Dollar rally running out of steam

The meteoric rise of the US dollar seems unstoppable but cynics are beginning to emerge, as economic data and relative valuations suggest the currency’s ascent is starting to look overheated.

The dollar rally kicked off in mid-2014, as widely predicted, with EUR/USD falling 22% from 1.37 a year ago to around 1.07 today. The strong rally came as no surprise to the Street, but market consensus that the dollar run is far from over has come as a surprise to some.

Disappointing data

All eyes are on tomorrow's US non-farm payrolls – a rise in employment figures will no doubt boost the dollar – but some analysts believe the market is wilfully ignoring persistent disappointing data out of the US.

Further reading


US dollar: special focus

Daragh Maher, FX strategist at HSBC, says: "Numbers out of the US are softer than expected, while numbers out of Europe are better, which the market has largely ignored. Under normal circumstances, this would be a reason to stop selling EUR/USD."

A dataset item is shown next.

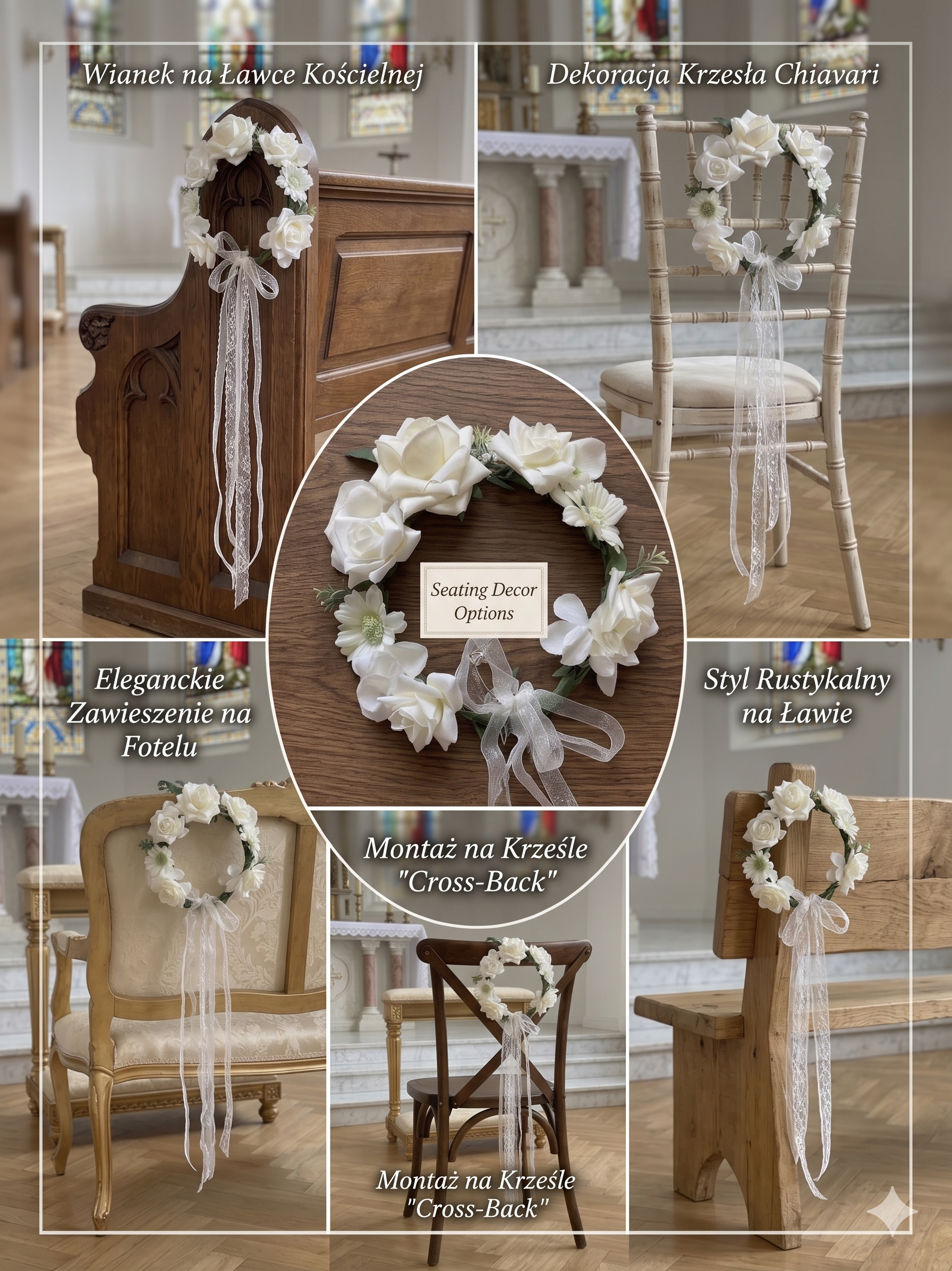 - Uniwersalny wianek dekoracyjny – pasuje na krzesła, stoły i ściany

The market appears to be heavily focused on the underlying divergence in monetary policy between the US and Europe – the European Central Bank has embarked on quantitative easing to boost the economy, while the US Federal Reserve is expected to hike interest rates as its economy strengthens.

However, this argument is starting to look stale, according to a recent report published by HSBC titled USD Bull Run: The Beginning of the End.

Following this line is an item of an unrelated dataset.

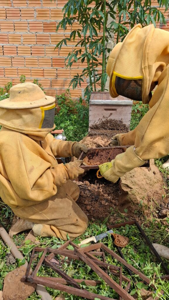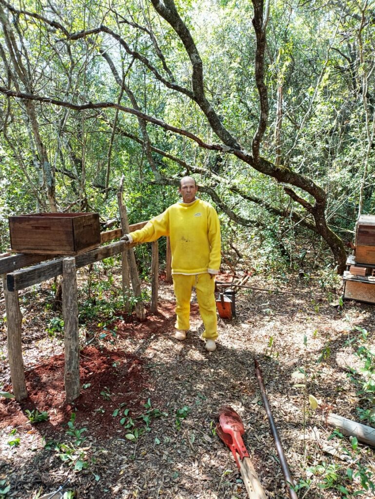 Uma história de parceria e evolução através da apicultura: Nilson e sua esposa Jocimar Guilherme da Silva são um casal que está sempre trabalhando junto, especialmente quando falamos da apicultura: em 2023, eles vão completar dois anos trabalhando com as abelhas, um trabalho do qual têm orgulho: um trabalho do qual têm orgulho: “As pessoas só entendem você quando elas ouvem você explicar a importância das abelhas e do seu trabalho, o trabalhão que dá” Jocimar conta.

Monetary policy divergence explains much of the dollar rally seen so far, but it is already priced in now. 

Another popular argument for betting on a rising dollar is that US interest rates will rise a lot more than markets expect, but HSBC remains cautious, stating: "Our view on this line of thinking is: if you think you know what is going to happen in the interest-rate markets, why are you trading the USD? Just trade the interest-rates market instead."

The underlying data draw a picture that is at odds with the market's assumption of a strong US recovery. HSBC's Surprise Index measures economic activity in the US and the eurozone.

Surprise Index

For much of 2014, the US Activity Surprise Index was on an upward trajectory, but since late last year it has plunged as shortfalls in US data have started to mount. Conversely, the Eurozone Activity Surprise Index has soared upwards since late 2014 as economic data going into 2015 have signalled a revival.

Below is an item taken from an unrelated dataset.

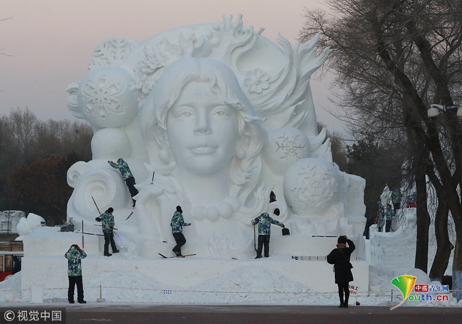 雪博會(huì)百米主塑露“芳容”

However, the market seems content to ignore the fundamentals, according to analysts at Morgan Stanley in a report published on Wednesday.

"There appears to be a greater tendency to look through the current soft patch, maintaining focus on the sustainability of the broader USD trend," it states.

Standout rallies

'Enjoy the party, but dance close to the exit' – this Japanese saying could easily apply to the US dollar bull run, which is arguably closer to the end than the beginning. 

The dollar has rallied more than 25% against the euro since June, and almost 40% since its low in April 2011. This is already greater than the average dollar rally since the early 1970s, which is about 20%. Only two other rallies stand out – the first in the early 80s when it nearly doubled in value and the second in the mid-90s when it rose by almost 50%.

Camilla Sutton, chief FX strategist at Scotiabank, believes the US dollar will continue to strengthen, but at a more moderate pace than in the first quarter of this year. Scotiabank predicts EUR/USD to slip to 1.10 by the end of this quarter.

"We are starting to get surprises and some downside movement in Q1, now there is a more balanced view," she says.


The USD has fallen

Meanwhile, four previous Fed tightening cycles over the past 30 years show the dollar has fallen in the period immediately after the first rate rise, and after additional rate increases. The boost to the dollar from Fed tightening might well already be priced in, so by the time the Fed raises rates the dollar might repeat history and take a tumble.

"There is too much greed and not enough fear at play, and it begs the question of why the market is accepting a viewpoint with such unanimous agreement," says HSBC.